The legislature had previously appropriated $3 million in recurring funding for UH athletics — $2.7 million for Manoa and $300,000 for Hilo.
While legislature appropriated $3 million for UH in the budget passed last week, it did not lock in the figure on a recurring basis and will look at the possibility of more in the future, if necessary, House finance committee chair Sylvia Luke said Monday.
Despite the $2.7 million from the legislature and an additional $700,000 from the UH system, Manoa athletics still ran a $1.7 million shortfall in fiscal 2017, according to an independent auditor’s report. Hilo showed a $193,041 surplus.
Manoa is also projected to have a deficit for the current fiscal year that concludes June 30.
“It seems like the (Manoa) shortfall might be close to $5 million, but we don’t know if it will be on an annual basis,” said Luke (D-Makiki, Punchbowl, Nuuanu and Pauoa). “We’re hopeful that, with the direction that athletics and the athletics director is taking, they will be more aggressive in having sponsors and things that will also raise money.”
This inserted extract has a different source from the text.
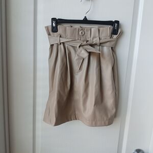 This high-waisted Faux leather skirt in a chic tan color features a stylish paper bag design with a gathered waistline and a matching belt. The pleated details at the waist create a flattering silhouette, making them perfect for a polished yet casual look.

The initial $3 million “was not something that the university (system) came in with as a request, it didn’t come through the (Board of) Regents,” Luke said. “But, because legislators, myself included, believe that athletics play an important part in the college experience, we made it a priority to put the funding in the budget.”
However, Luke said, “what we should have done was to make it non-recurring as opposed to recurring. We thought $3 million was sufficient at that point in time but, actually, it was not and, in speaking to individuals involved in athletics, it could be an additional subsidy.”
A UH spokesman said the university “was appreciative of the legislature’s efforts for the university as a whole as well as athletics.”
NCAA reports say “only about two dozen” of the more than 120 schools that compete on the Football Bowl Subdivision level with UH “generate revenues over expenses in a given year.”